Era una respuesta que no respondía nada, y Ximena lo dejó pasar porque había preguntas para las que todavía no tenía el vocabulario correcto. Se giró. Darien seguía en el umbral, con un hombro apoyado en el marco de la puerta y los brazos cruzados con esa calma suya que no era indiferencia sino otra cosa, algo más parecido a la contención de alguien que ha aprendido a administrar lo que siente.
La miraba de la manera en que uno mira algo que reconoce pero no termina de ubicar.
—Mañana tenemos el primer evento público —dijo finalmente—. Una cena en Ciudad de México. Necesito que estés lista a las seis.

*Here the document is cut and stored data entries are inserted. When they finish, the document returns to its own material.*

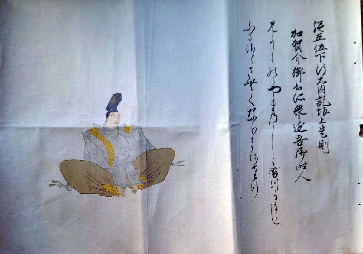 - f24080404〇印刷 絵画 佐竹本 三十六歌仙 坂上是則 みよしのの 山の白雪 つもるらし ふるさとさむく なりまさるなり 昭和時代〇和本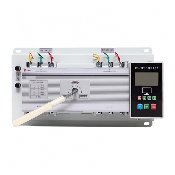 При возникновении аварийных ситуаций, которые случаются при коротких замыканиях или перегрузках линий, необходимо обеспечить защиту и бесперебойную работу оборудования на объектах коммерческого, промышленного и бытового назначения. Устройство автоматического ввода резерва серии ТСМ от известного производителя EKF справляется с данной задачей, а также обеспечивает подачу запасного электроснабжения при отсутствии напряжения на основной электроцепи. Аппарат представляет собой моноблок, который состоит из контактного блока, блока управления и двух автоматических силовых выключателей в литом корпусе. Он рассчитан на номинальную токовую нагрузку до 125 Ампер при напряжении сети 400 Вольт. Максимальная отключающая способность составляет 35 кАмпер. Особенностью устройства является ручной или дистанционный режим управления, настраиваемый интеллектуальным контроллером. Компактный прибор с термомагнитным расцепителем обладает механической износостойкостью до 6000 циклов и продолжительным сроком службы до 10 лет. Корпус обеспечивает защиту от пыли и влаги IP30 и предполагает размещение устройства во влагозащищенных местах. В комплект поставки входит паспорт, набор метизов, рукоятка для взвода и колодка для подключения контрольных проводников.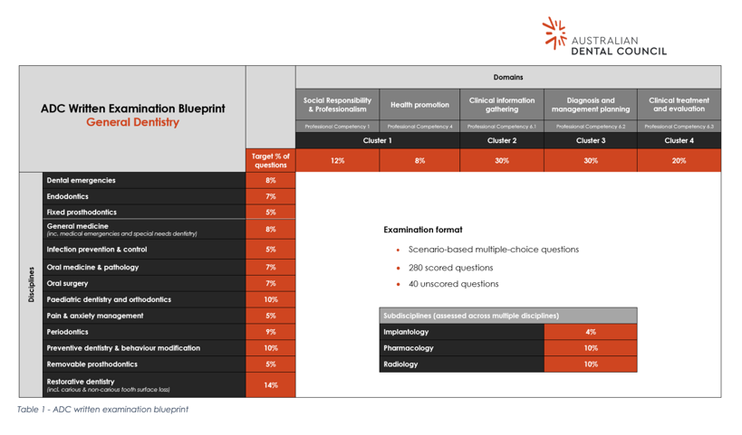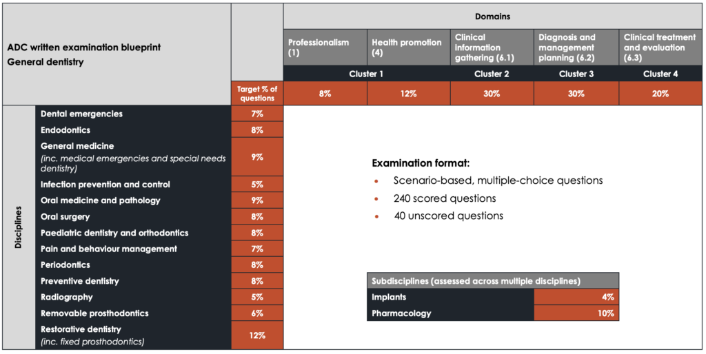 For complete details and the latest updates, candidates are advised to refer to the official ADC Written Examination Handbook available on the Australian Dental Council website:https://www.adc.org.au/files/assessment/handbooks/ADC_Written_Examination_Handbook_for_General_Dentistry.pdf ” (The Australian Dental Council)

—Estaré lista —respondió ella.
Él asintió. Se apartó del umbral para marcharse y Ximena notó, justo antes de que desapareciera por el corredor, que no había cerrado la puerta al salir. La había dejado entornada. Un centímetro. Quizás menos.
Quizás fue descuido. Quizás no.
Alas once de la noche, Ximena seguía despierta. Había revisado sus mensajes sin leer —cuarenta y dos de personas que hasta ayer eran sus contactos y hoy estaban tanteando el terreno para saber en qué bando convenía estar—, había intentado leer un libro de la biblioteca sin pasar de la tercera página, y había terminado sentada en la terraza con una manta sobre los hombros y el silencio de San Miguel envolviéndola como algo físico.
Escuchó sus pasos antes de verlo. Darien salió a la terraza con dos tazas, dejó una sobre la mesa junto a ella sin preguntar si la quería, y se sentó en el extremo opuesto de la banca de piedra. No dijo nada. El café estaba cargado y sin azúcar, que era exactamente como ella lo tomaba, y no le preguntó cómo lo sabía porque había preguntas para las que todavía no estaba lista para escuchar la respuesta.
Permanecieron así un tiempo que ninguno de los dos midió, mirando el jardín en penumbra, con el goteo de la fuente como único sonido y el olor a jacaranda mezclándose con el del café. No era una escena romántica. Era algo más extraño y más difícil de nombrar: dos personas sentadas en el mismo silencio sin necesitar llenarlo.
Cuando Darien se levantó para entrar, Ximena habló sin pensar.
—¿Cómo sabías cómo tomo el café?
Él se detuvo con la taza en la mano. La miró un momento desde arriba, con esa expresión suya que nunca terminaba de revelar qué estaba calculando.
—No lo sabía —dijo—. Así lo tomo yo.
Entró sin añadir nada más. Ximena se quedó mirando su propia taza en la oscuridad, y algo en su pecho se apretó de una manera que prefirió no examinar demasiado de cerca.
Lo que no supo fue que Darien se detuvo justo al otro lado de la puerta de cristal y se quedó ahí un momento, con la espalda apoyada en el marco y los ojos cerrados, administrando algo que llevaba cuatro años sin necesitar administrar.
Sí sabía cómo tomaba ella el café. Lo había recordado desde Valle de Guadalupe, de la manera en que lo había pedido esa tarde sin azúcar y sin leche, con la certeza de alguien que sabe exactamente lo que quiere.
No iba a decirlo. No todavía. Quizás nunca.
Pero el hecho de que ella estuviera al otro lado de esa puerta, en su terraza, con su café, en su casa, era la cosa más cercana a un problema real que Darien Alcázar había tenido en cuatro años.